> [Given information]:
──────────

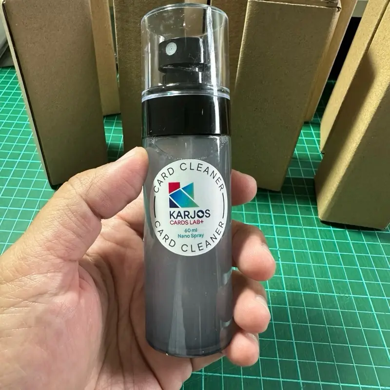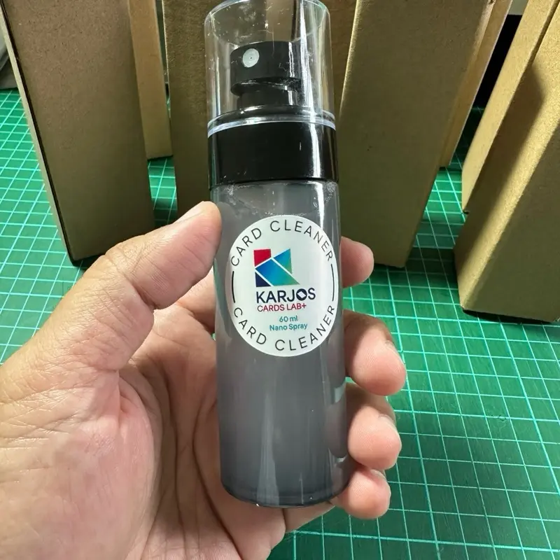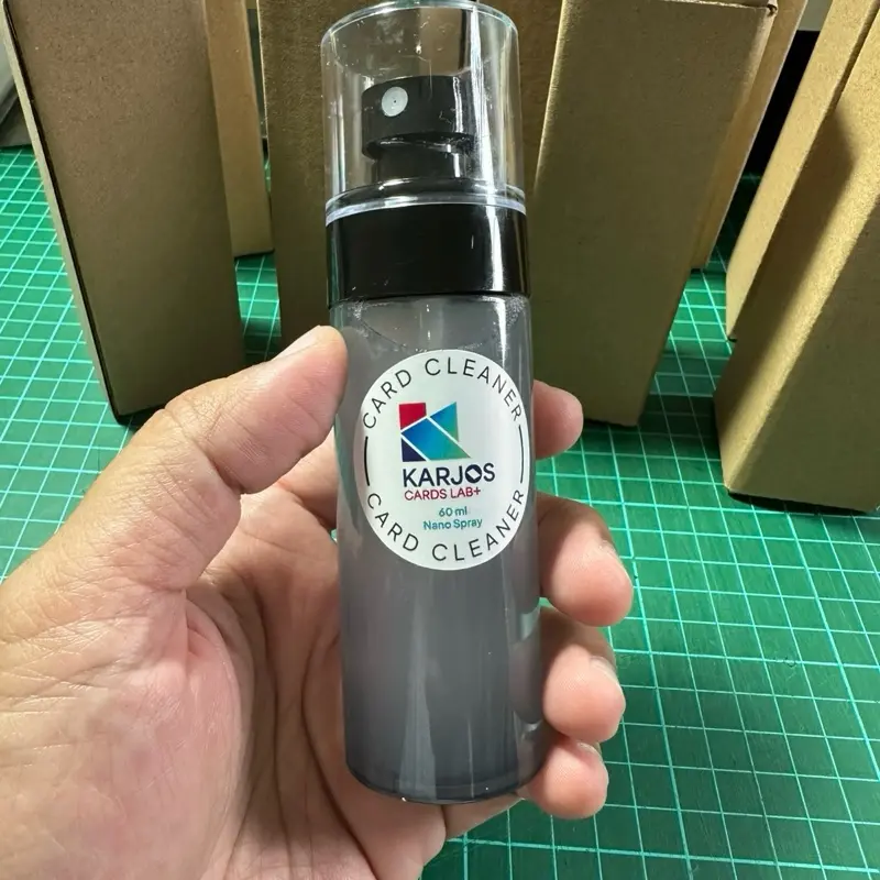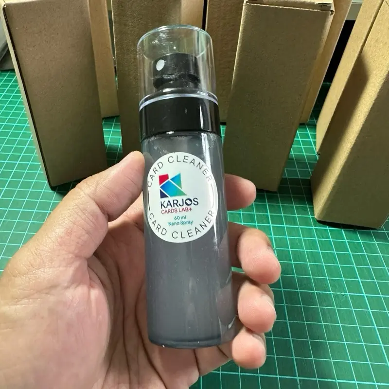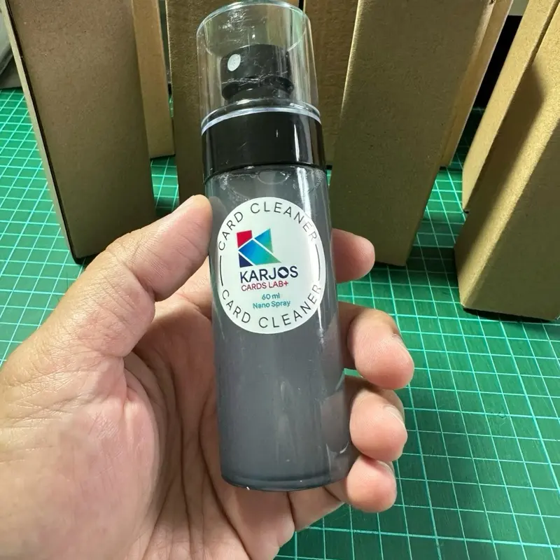 Kini hadir kemasan baru KARJOS Cards Lab+ dengan nano spray yang lebih halus dan isi 60 ml (bonus 20 ml) , dirancang untuk membantu perawatan permukaan kartu TCG agar tetap bersih dan terawat.
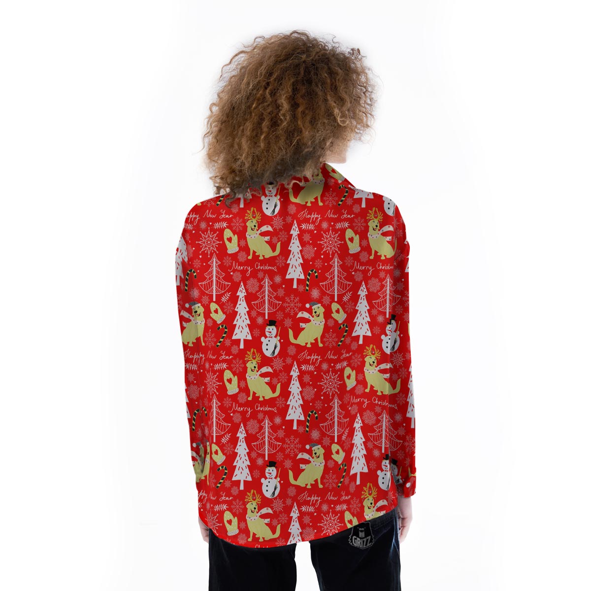 Labrador Retriever Snowman Print Pattern Women's Long Sleeve Shirts
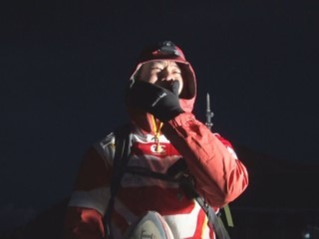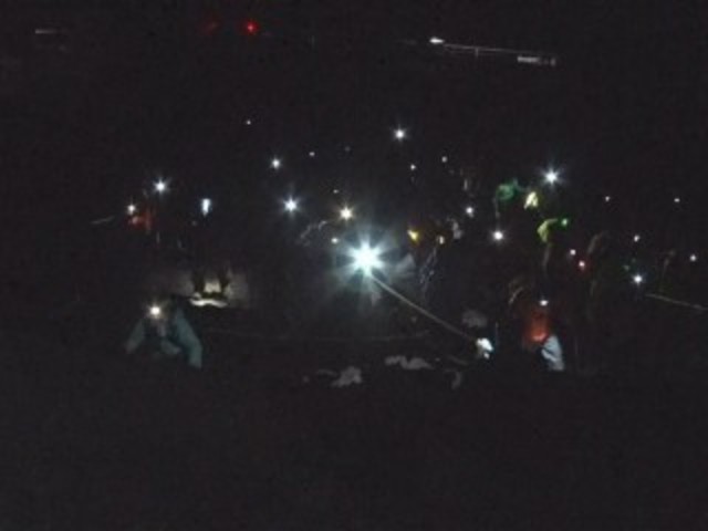 そして日付が変わり、日の出と共にトライするため、夜明け前に出発。暗闇のなか、一歩一歩踏みしめるよう進みます。
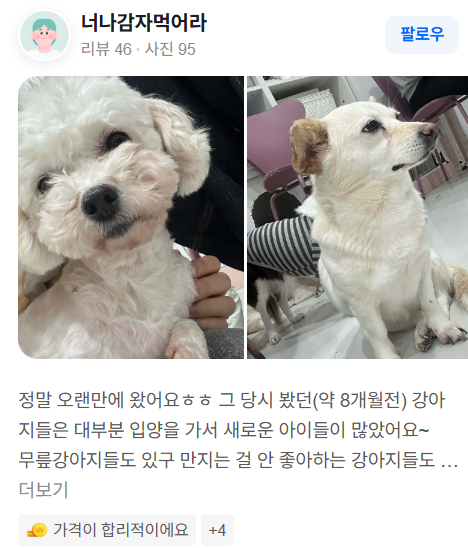 ✔ “강아지가 너무 좋아해서 자주 방문”
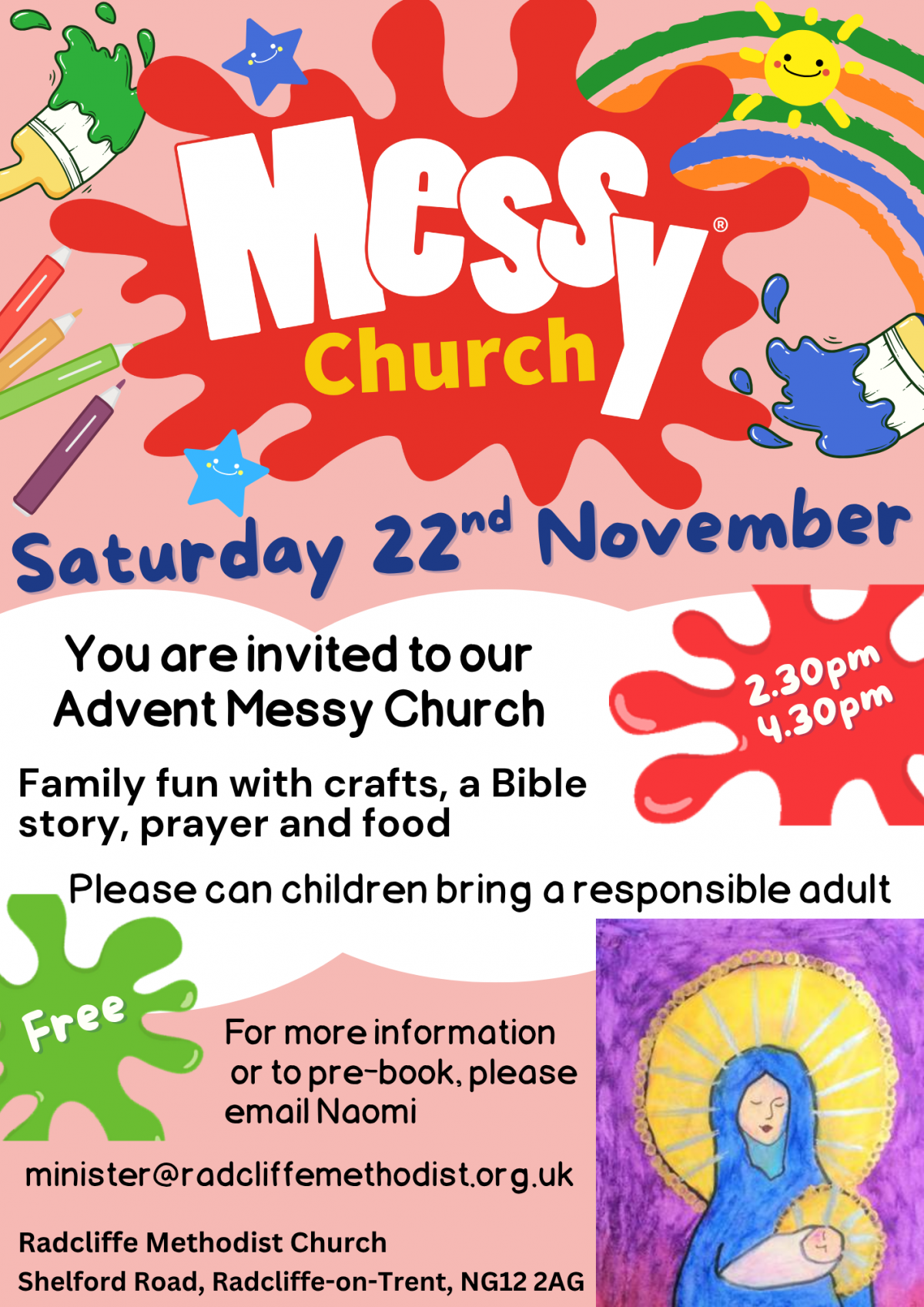 Messy Church- Saturday 22nd NovemberSaturday, 22nd of November 20252:30pmContact name:Radcliffe Methodist ChurchLocation:Radcliffe Methodist Church
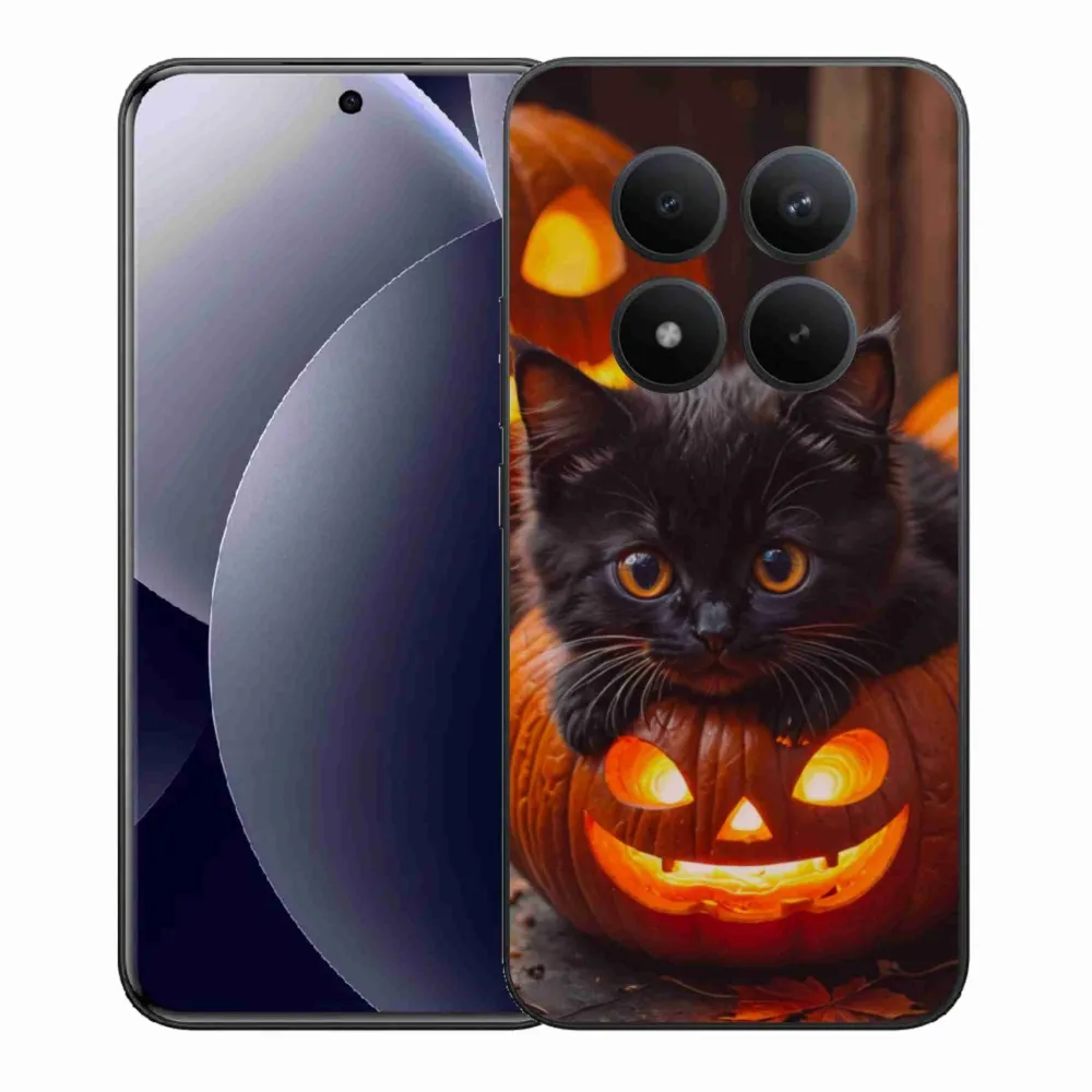 Mačacie púzdro na Xiaomi Redmi Note 15 Pro+ 5G/Xiaomi Poco M8 Pro 5G - mačiatko a tekvica poskytuje všetky výhody gélových obalov, a to v zaujímavom dizajne.
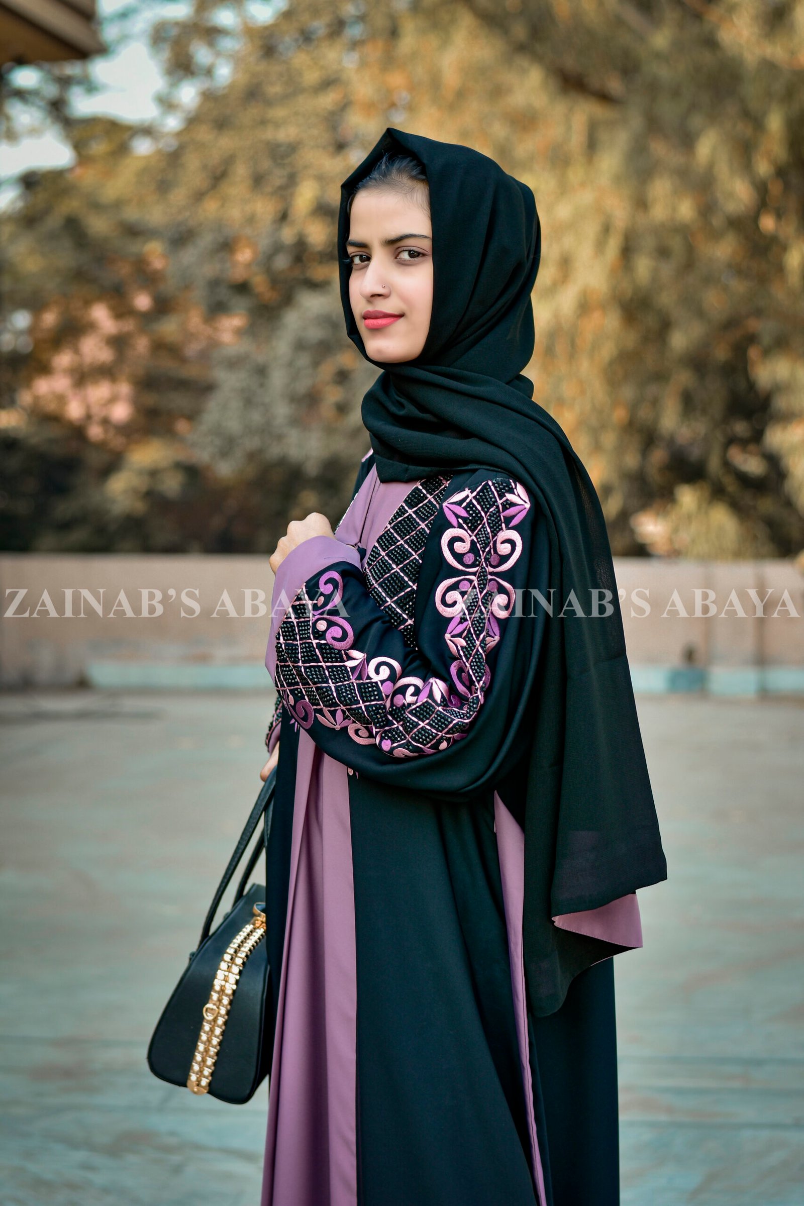 This stunning maxi abaya features a dual-tone design with a black outer and a soft T.Pink inner, crafted from premium Nida fabric. The front and sleeves are adorned with intricate T.Pink and creamy-toned embroidery, complemented by black stonework, adding a luxurious and elegant touch.
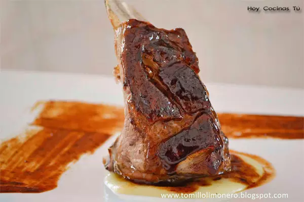 Marcamos en una sartén caliente el cordero por la parte de la grasa hasta que esté dorado y crujiente. A continuación, metemos al horno a 180º C durante 20 minutos.
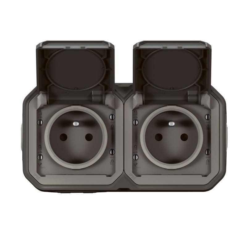 Plexo GP double prise horiz complet IP55 anthracite
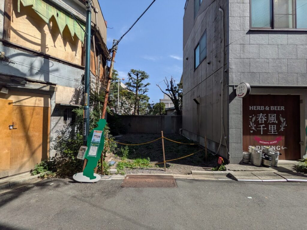王子の柳小路商店会の路地に更地ができてました。再開発の足音か?
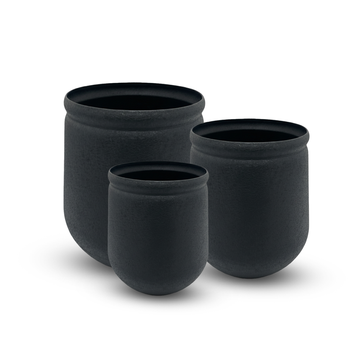 Set of 3 black matte finish metal planters with a sharp neck design, perfect for bold and contemporary outdoor floor d?cor.
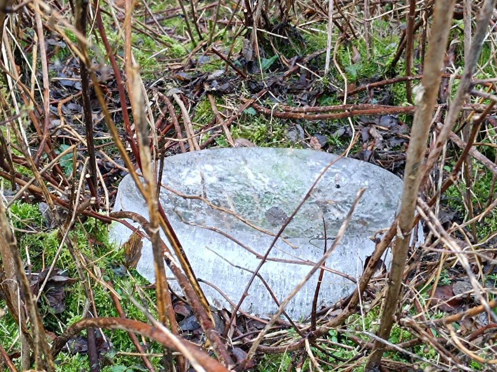 Nee, al lang niet meer. Hier heeft regen de sneeuw snel doen smelten. Maar wat ligt daar langs de bosrand op de helling ? Is dat een blok ijs ? Ik kan er niet bij.

──────────

> [Problem statement]: Omitting the pictures, write out the material above exactly as it stands.

> [Answer to this problem]:
 Kini hadir kemasan baru KARJOS Cards Lab+ dengan nano spray yang lebih halus dan isi 60 ml (bonus 20 ml) , dirancang untuk membantu perawatan permukaan kartu TCG agar tetap bersih dan terawat.
 Labrador Retriever Snowman Print Pattern Women's Long Sleeve Shirts
 そして日付が変わり、日の出と共にトライするため、夜明け前に出発。暗闇のなか、一歩一歩踏みしめるよう進みます。
 ✔ “강아지가 너무 좋아해서 자주 방문”
 Messy Church- Saturday 22nd NovemberSaturday, 22nd of November 20252:30pmContact name:Radcliffe Methodist ChurchLocation:Radcliffe Methodist Church
 Mačacie púzdro na Xiaomi Redmi Note 15 Pro+ 5G/Xiaomi Poco M8 Pro 5G - mačiatko a tekvica poskytuje všetky výhody gélových obalov, a to v zaujímavom dizajne.
 This stunning maxi abaya features a dual-tone design with a black outer and a soft T.Pink inner, crafted from premium Nida fabric. The front and sleeves are adorned with intricate T.Pink and creamy-toned embroidery, complemented by black stonework, adding a luxurious and elegant touch.
 Marcamos en una sartén caliente el cordero por la parte de la grasa hasta que esté dorado y crujiente. A continuación, metemos al horno a 180º C durante 20 minutos.
 Plexo GP double prise horiz complet IP55 anthracite
王子の柳小路商店会の路地に更地ができてました。再開発の足音か?
 Set of 3 black matte finish metal planters with a sharp neck design, perfect for bold and contemporary outdoor floor d?cor.
 Nee, al lang niet meer. Hier heeft regen de sneeuw snel doen smelten. Maar wat ligt daar langs de bosrand op de helling ? Is dat een blok ijs ? Ik kan er niet bij.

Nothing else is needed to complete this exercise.